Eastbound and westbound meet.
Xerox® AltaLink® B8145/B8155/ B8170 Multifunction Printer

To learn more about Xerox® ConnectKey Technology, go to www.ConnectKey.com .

================

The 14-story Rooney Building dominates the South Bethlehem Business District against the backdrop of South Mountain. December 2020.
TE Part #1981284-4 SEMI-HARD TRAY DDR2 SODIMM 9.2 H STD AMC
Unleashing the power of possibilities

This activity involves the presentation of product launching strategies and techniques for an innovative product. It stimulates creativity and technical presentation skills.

================

_Instructions to follow_. Everything above from the line containing "Eastbound and westbound meet." down to the line containing "To learn more" is to be transcribed exactly, with both of those lines included and nothing else added.

_Output_.
Eastbound and westbound meet.
Xerox® AltaLink® B8145/B8155/ B8170 Multifunction Printer

To learn more about Xerox® ConnectKey Technology, go to www.ConnectKey.com .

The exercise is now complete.